How to complete this task -
If pictures appear in the lines below, skip them and copy exactly the lines from the one containing "Charcoal Gray Crocheted" through the one containing "2025年,新能源汽车销量排", and nothing else.

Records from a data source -
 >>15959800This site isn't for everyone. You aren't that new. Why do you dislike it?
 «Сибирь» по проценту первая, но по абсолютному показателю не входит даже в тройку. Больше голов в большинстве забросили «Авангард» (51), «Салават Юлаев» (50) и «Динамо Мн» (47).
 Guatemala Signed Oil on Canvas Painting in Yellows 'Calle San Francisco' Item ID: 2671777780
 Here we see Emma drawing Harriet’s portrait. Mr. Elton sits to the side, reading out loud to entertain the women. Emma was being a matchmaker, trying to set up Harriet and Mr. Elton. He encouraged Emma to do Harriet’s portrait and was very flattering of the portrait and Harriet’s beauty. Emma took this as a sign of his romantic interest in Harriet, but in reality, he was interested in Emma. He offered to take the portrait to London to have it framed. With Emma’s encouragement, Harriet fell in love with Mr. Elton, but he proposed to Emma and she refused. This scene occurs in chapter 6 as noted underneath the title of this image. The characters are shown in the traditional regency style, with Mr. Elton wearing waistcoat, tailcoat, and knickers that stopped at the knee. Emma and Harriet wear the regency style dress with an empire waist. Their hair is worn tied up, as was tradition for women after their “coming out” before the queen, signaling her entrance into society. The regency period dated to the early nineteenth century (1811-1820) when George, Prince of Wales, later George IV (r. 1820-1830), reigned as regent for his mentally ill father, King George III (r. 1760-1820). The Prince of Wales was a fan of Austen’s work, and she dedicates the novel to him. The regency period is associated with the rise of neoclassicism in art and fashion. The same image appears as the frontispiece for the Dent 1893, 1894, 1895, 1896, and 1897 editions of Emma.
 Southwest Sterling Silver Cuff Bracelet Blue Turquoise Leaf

...

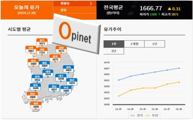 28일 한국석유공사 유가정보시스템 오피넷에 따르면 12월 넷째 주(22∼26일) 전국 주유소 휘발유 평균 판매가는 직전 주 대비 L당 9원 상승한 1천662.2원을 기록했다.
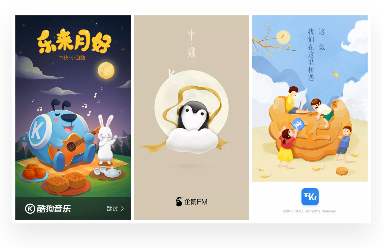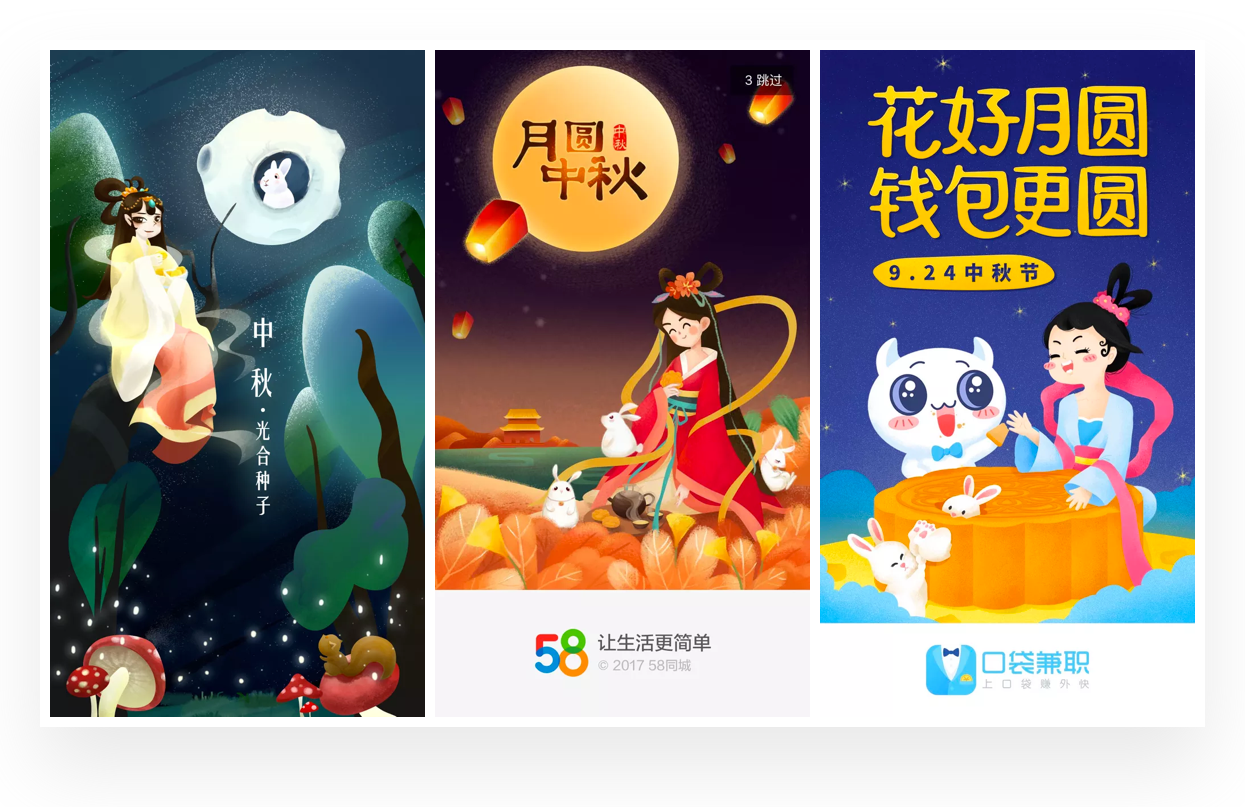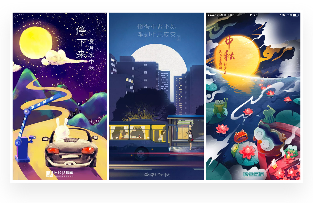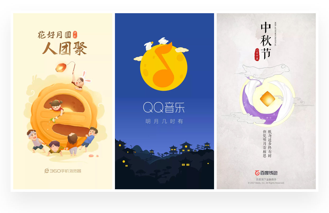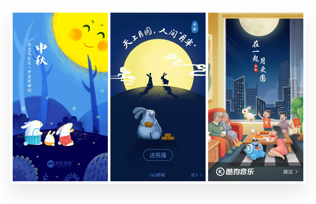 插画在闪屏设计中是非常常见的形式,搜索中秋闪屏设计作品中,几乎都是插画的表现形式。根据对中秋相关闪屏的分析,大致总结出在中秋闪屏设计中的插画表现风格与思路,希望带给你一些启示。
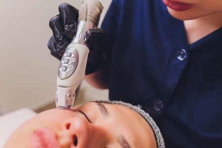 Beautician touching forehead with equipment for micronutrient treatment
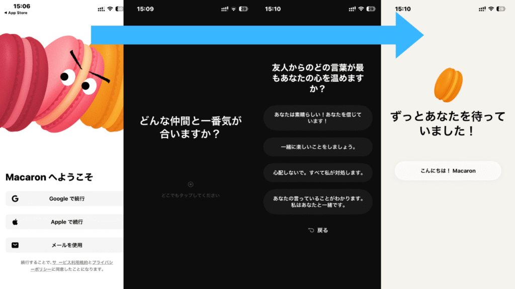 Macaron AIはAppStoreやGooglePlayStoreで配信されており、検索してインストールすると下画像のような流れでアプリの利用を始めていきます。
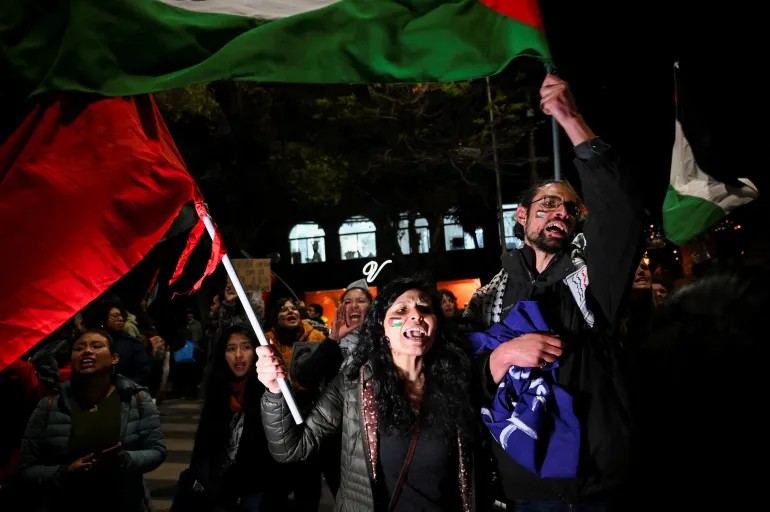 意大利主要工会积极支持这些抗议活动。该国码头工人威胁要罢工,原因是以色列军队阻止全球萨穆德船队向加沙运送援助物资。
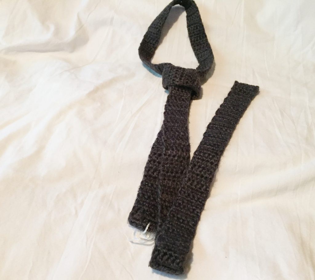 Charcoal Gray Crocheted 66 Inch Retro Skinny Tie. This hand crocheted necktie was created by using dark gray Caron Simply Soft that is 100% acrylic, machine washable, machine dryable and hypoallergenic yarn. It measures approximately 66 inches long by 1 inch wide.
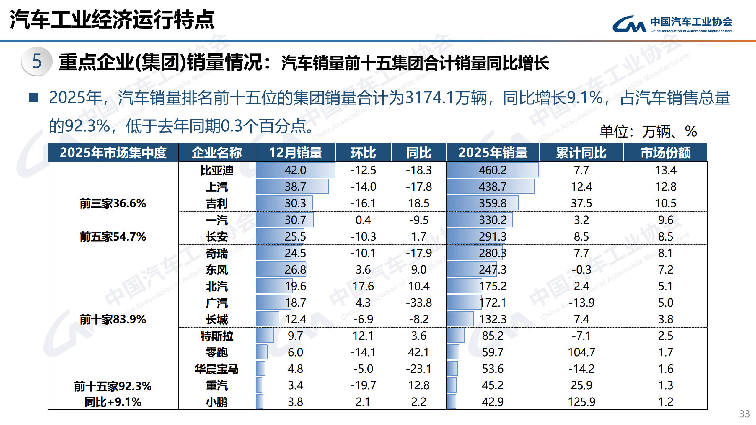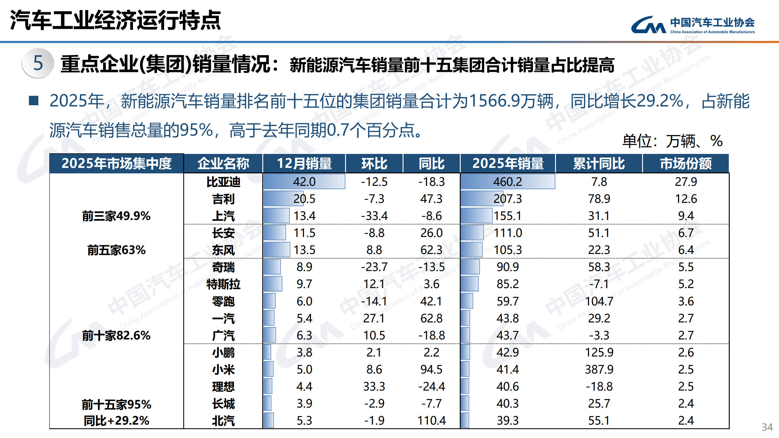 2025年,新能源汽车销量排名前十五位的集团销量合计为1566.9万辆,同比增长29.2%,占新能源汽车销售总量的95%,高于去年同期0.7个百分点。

Exercise solution -
 Charcoal Gray Crocheted 66 Inch Retro Skinny Tie. This hand crocheted necktie was created by using dark gray Caron Simply Soft that is 100% acrylic, machine washable, machine dryable and hypoallergenic yarn. It measures approximately 66 inches long by 1 inch wide.
 2025年,新能源汽车销量排名前十五位的集团销量合计为1566.9万辆,同比增长29.2%,占新能源汽车销售总量的95%,高于去年同期0.7个百分点。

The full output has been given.